CS 405/505 ASSIGNMENT #6


                                                    Due Thursday, March 10, 2005

1.
Write a Prolog predicate derive(P, S, L, T), where P is a list of context-free grammar production rules of 
the form rule(A, [X1, X2, ..., Xn]) corresponding to A->X1X2...Xn, S is the start symbol of the grammar, 
and L is a list of integers, and T is the parse tree resulting from applying the productions in P in the order 
indicated by L. The first production rule to be applied must be a production of the start symbol or a null tree 
is returned.

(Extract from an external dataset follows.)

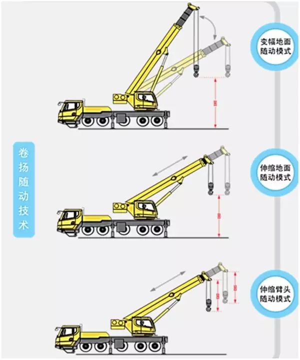 對于這些問題,徐工的工程師們也給出了完美的解決方案,這就是我接下來要說的“卷揚隨動技術(shù)”,總的來說這項技術(shù)能實現(xiàn)兩項動作:一是,在變幅和伸縮時,吊鉤與地面的距離保持不變,這樣就避免了吊鉤觸碰到地面;二是,在伸縮時,吊鉤與臂頭之間的距離保持不變,有效解決了吊鉤碰到臂頭的隱患。

The process terminates if the integer indicated does not match any production rule which can be 
applied, e.g. is either not a production rule or there is no corresponding nonterminal. If there are more than one 
nonterminal to apply a production rule to, the leftmost one is always selected. The parse tree will be of the form
parsetree(A, [X1, X2, ..., Xn]) for A->X1X2...Xn, with each Xi replaced by its corresponding parse tree. 
Test your function on the following:

derive([rule(e, [e, +, t]), rule(e, [t]), rule(t, [t, *, f]), rule(t, [f]),
       rule(f, ['(', e, ')']), rule(f, [id])], e, [1, 2, 4, 6, 3, 4, 6, 6], ParseTree) 
==> ParseTree = parsetree(e, [parsetree(e, [parsetree(t, [parsetree(f, [id])])]), 
+, parsetree(t, [parsetree(t, [parsetree(f, [id])]), *, parsetree(f, [id])])])

derive([rule(e, [e, +, t]), rule(e, [t]), rule(t, [t, *, f]), rule(t, [f]),
       rule(f, ['(', e, ')']), rule(f, [id])], e, [1, 3, 6, 4, 6, 2, 4, 6], ParseTree) 
==> ParseTree = parsetree(e, [parsetree(e, [parsetree(t, [parsetree(f, [id])])]), 
+, parsetree(t, [parsetree(t, [parsetree(f, [id])]), *, parsetree(f, [id])])])

derive([rule(e, [e, +, e]), rule(e, [e, *, e]), rule(e, ['(', e, ')']),
       rule(e, [id])], e, [1, 4, 2, 4, 4])
==> ParseTree = parsetree(e, [parsetree(e, [id]), +,
parsetree(e, [parsetree(e, [id]), *, parsetree(e, [id])])])

2.
Write a Prolog predicate parsetrees(P, S, N, T), where P and S are as in the derive predicate, N is an integer, 
and T is a list of all parse trees reached after N or less production rules have been applied. If N<= 0, T will be a
null list. One way to design this predicate is to produce a set of lists [0, 0, ..., 0] (n 0's) ... [m, m, ..., m] (n m's) 
in order and call derive for each one, making a list of the non-null parse trees returned. Note that this approach has 
complexity mⁿ, which is exponential and will not be practical for large values of n, although it should not cause 
problems for the test cases below. You are welcome to develop a more efficient algorithm which does not need to 
try all of the mⁿ combinations. Test your function on the following:

parsetrees([rule(e, [e, +, t]), rule(e, [T]), rule(t, [t, *, f]), 
rule(t, [f]), rule(f, ['(', e, ')']), rule(f, [id])], e, 8)
parsetrees([rule(e, [e, +, e]), rule(e, [e, *, e]), rule(e, ['(', e, ')']),
rule(e, [id])], e, 8)

3.
Consider the Core program segment S below:

u := 1; v := 0;
while (v < y) loop
u := u * x;
v := v + 1;
end loop;

Using the axiomatic semantics of Core, show that the assertion
{y >= 0 } S {u = x^y}


is correct.


Hint: Use the loop invariant u=x^v & v>=0,  The consequence rules may be used to force the other rules into a form 
consistent with this loop invariant. (You should analyze the program to understand why this loop invariant was chosen.)